Yep, I've raised the blinds on all of our south facing windows to let as much sunlight into our house as possible, and I lowered our thermostat to 68 degrees. Every little bit helps.
Not judging your tactics, but do you have an idea of what your savings on your heating bill actually are as compared to say 70 or 71 degrees? Personally, my daily comfort is more important to me than the dollars in my entertainment budget
 
Not judging your tactics, but do you have an idea of what your savings on your heating bill actually are as compared to say 70 or 71 degrees? Personally, my daily comfort is more important to me than the dollars in my entertainment budget
In general, you lower your heating bill by 3% for every degree you turn down your thermostat.
 
Get one of the portable ones that connects to your 12v outlet in the car, and then pump them up in the garage. Best $30 I ever spent.
You can get cheap 115 plug in for 50 bucks at harbour freight. They are cheap, I have to turn the tool knob off and let it air up or it will leak but the extra 2-3 minutes to air tires hear and there isn’t too big of a deal. Especially when the wife/kids will let them go a little too long.
 
We just drove to Coralville and back on 380. The Interstate is mostly pretty good, with lots of dry pavement in at least one lane much of the way; one lane is still fairly icy south of the airport, and the packed ice is more widespread south of North Liberty.

We counted over 50 disabled vehicles basically between CR and North Liberty (we got off 380 on Forevergreen Road). Proving the ice was still a factor, there were two vehicles that had spun off the interstate right before we passed by just north of North Liberty on our way back.
 
For me, that equals about $1.80/month per degree. It’s worth paying that much for me just to not hear complaints about how cold it is in the house.
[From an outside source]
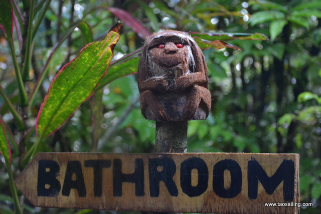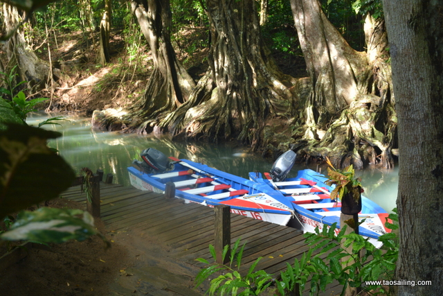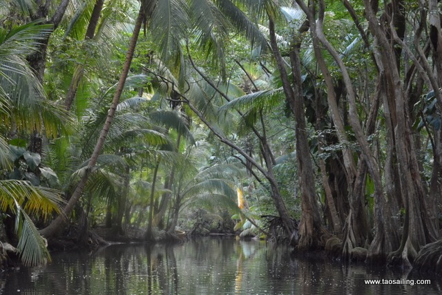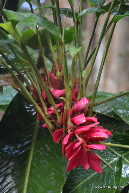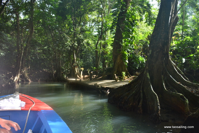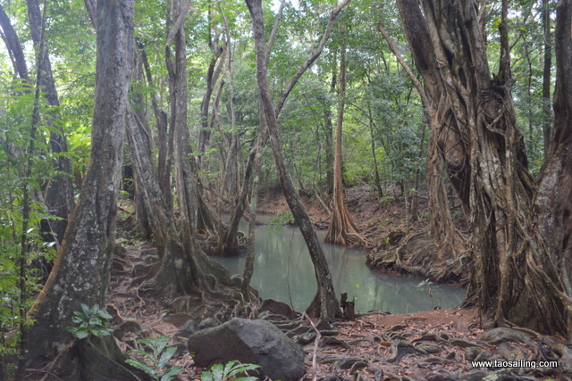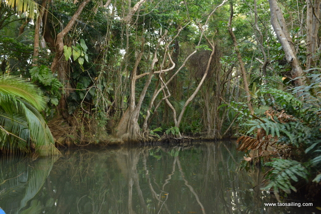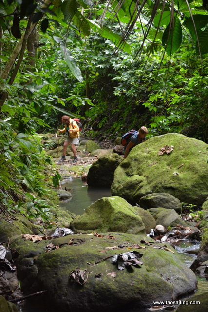 Nous remontons la rivière dans la forêt vierge… puis arrivés en haut, surprise !! Un local nous demande $US 10 par personne pour aller jusqu’à la cascade! Nous faisons demi-tour.
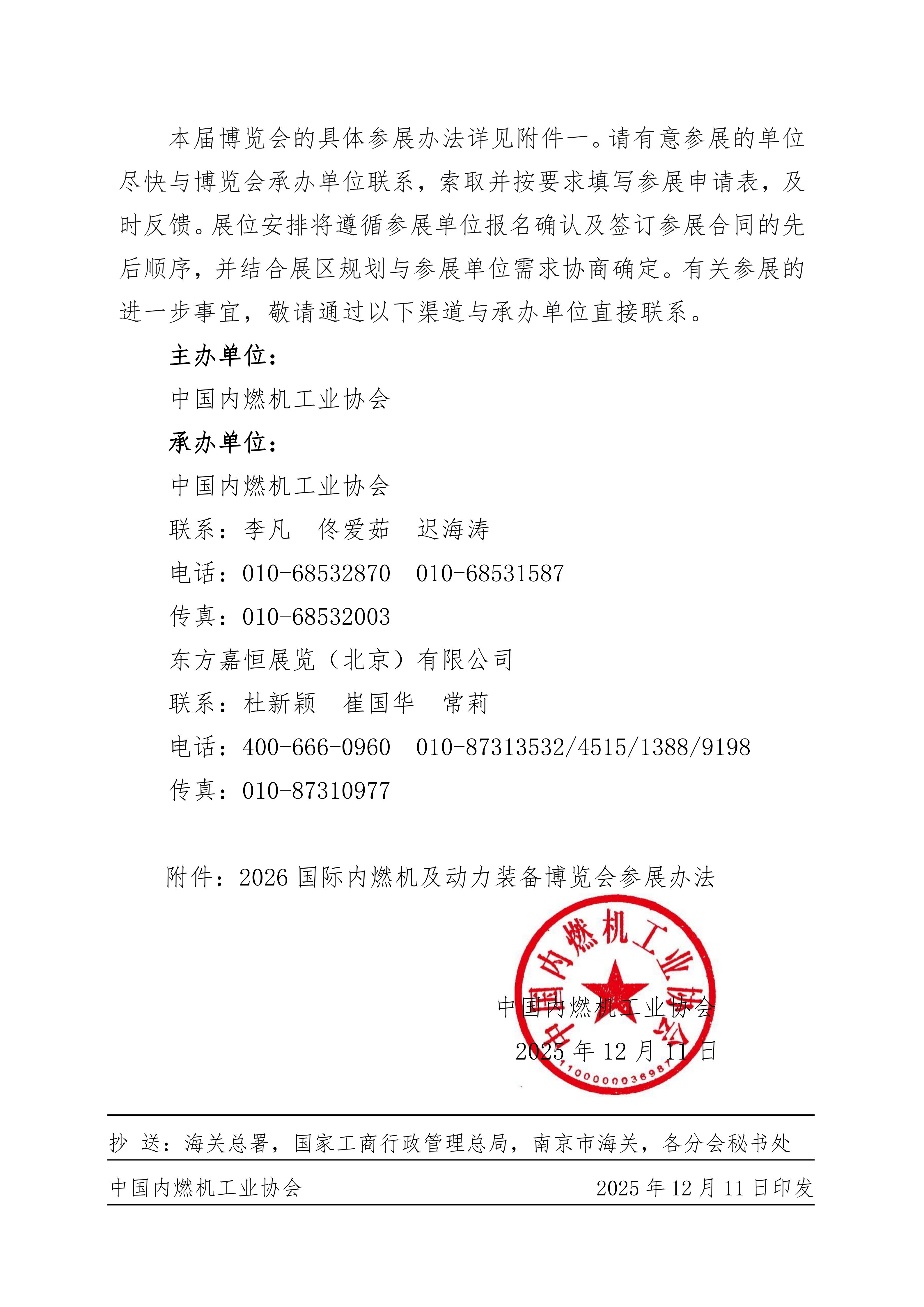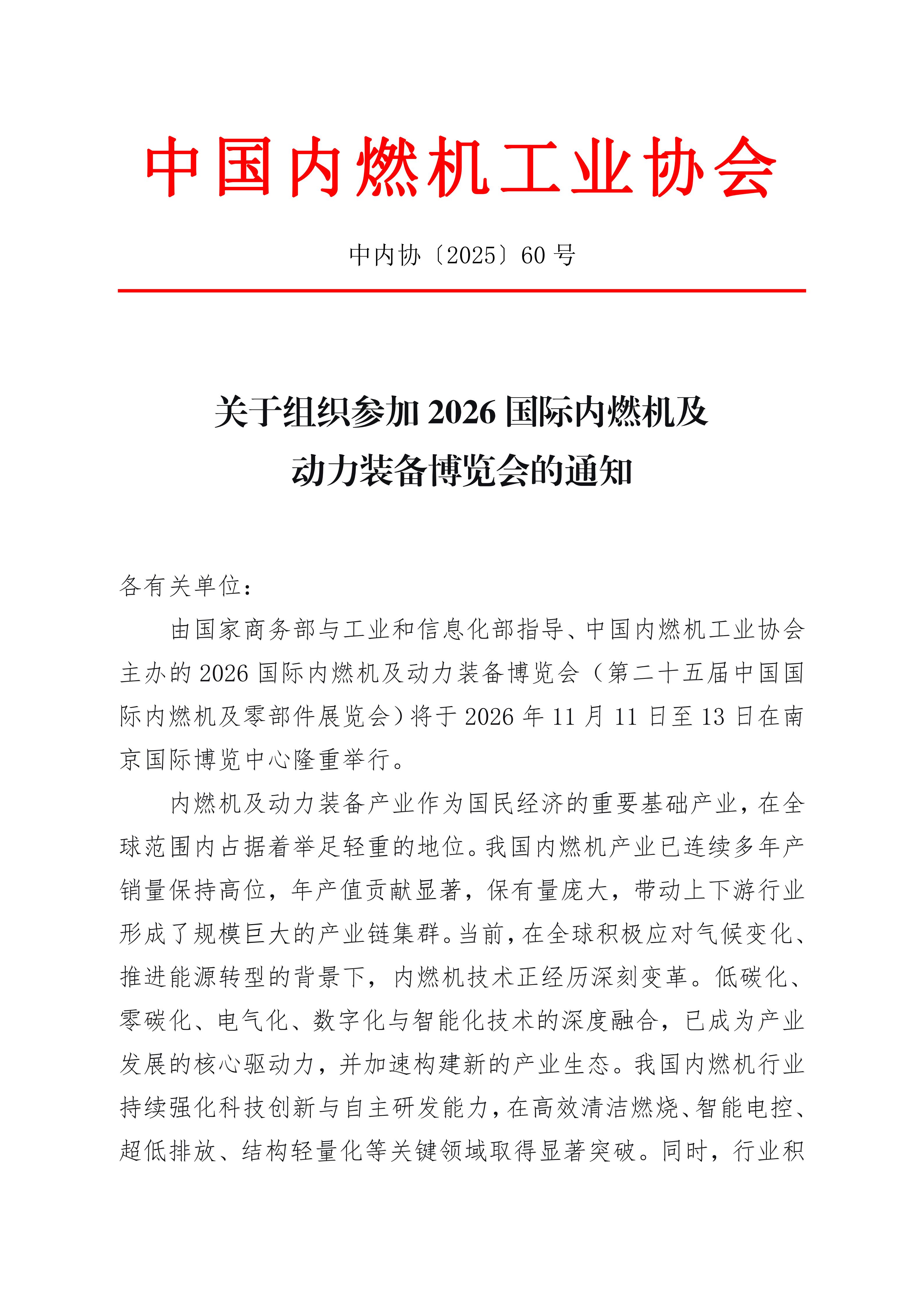 关于组织参加2026国际内燃机及动力装备博览会的通知

Good for you. I happen to be really comfortable at 68 degrees and my wife, although she wouldn't mind a few degrees warmer, doesn't complain too much.
 
In general, you lower your heating bill by 3% for every degree you turn down your thermostat.
I installed a geothermal system when I built my house in 1995 at a cost that was fairly close to the same as the most efficient furnace/air conditioner at the time. I'm rural so I avoided the swings in price of LP over the years. Recovery times do not make setback thermostats very practical so we set ours to 71-72 and leave it be. Biggest drawback is loss of electrical service but even in a rural setting those events have been few and far between.
 
I have a 30 year old furnace so I run the fireplace all day, put a space heater by in the same area as the thermostat, and have a humidifier going. The furnace hasn't kicked on since about 9 this morning. I keep my thermostat at 65.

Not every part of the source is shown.